## [Collected data]

· · · ·

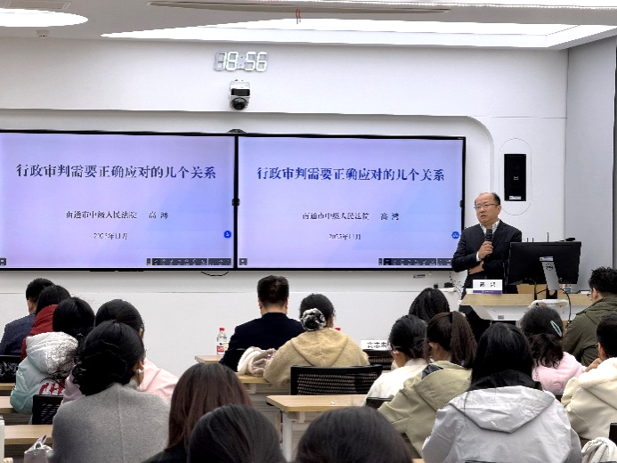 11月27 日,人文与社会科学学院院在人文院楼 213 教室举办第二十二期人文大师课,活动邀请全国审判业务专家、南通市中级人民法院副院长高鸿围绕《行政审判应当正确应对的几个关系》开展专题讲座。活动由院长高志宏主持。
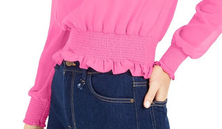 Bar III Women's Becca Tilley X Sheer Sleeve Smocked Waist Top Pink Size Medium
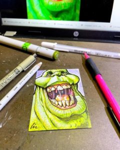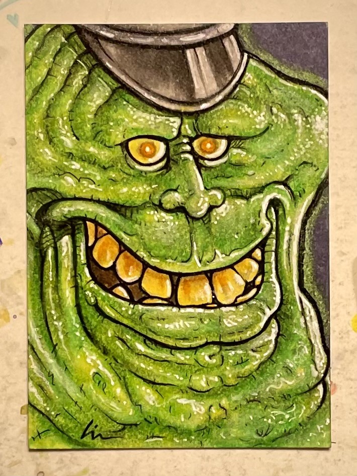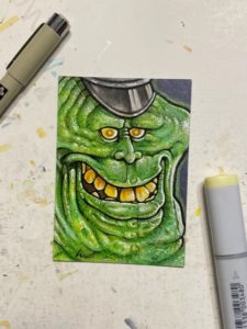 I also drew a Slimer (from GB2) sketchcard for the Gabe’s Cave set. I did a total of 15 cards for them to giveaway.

· · · ·

## [Task instructions]
Return the material exactly as it reads, though without the pictures it holds.

## [Written answer]
 11月27 日,人文与社会科学学院院在人文院楼 213 教室举办第二十二期人文大师课,活动邀请全国审判业务专家、南通市中级人民法院副院长高鸿围绕《行政审判应当正确应对的几个关系》开展专题讲座。活动由院长高志宏主持。
 Bar III Women's Becca Tilley X Sheer Sleeve Smocked Waist Top Pink Size Medium
 I also drew a Slimer (from GB2) sketchcard for the Gabe’s Cave set. I did a total of 15 cards for them to giveaway.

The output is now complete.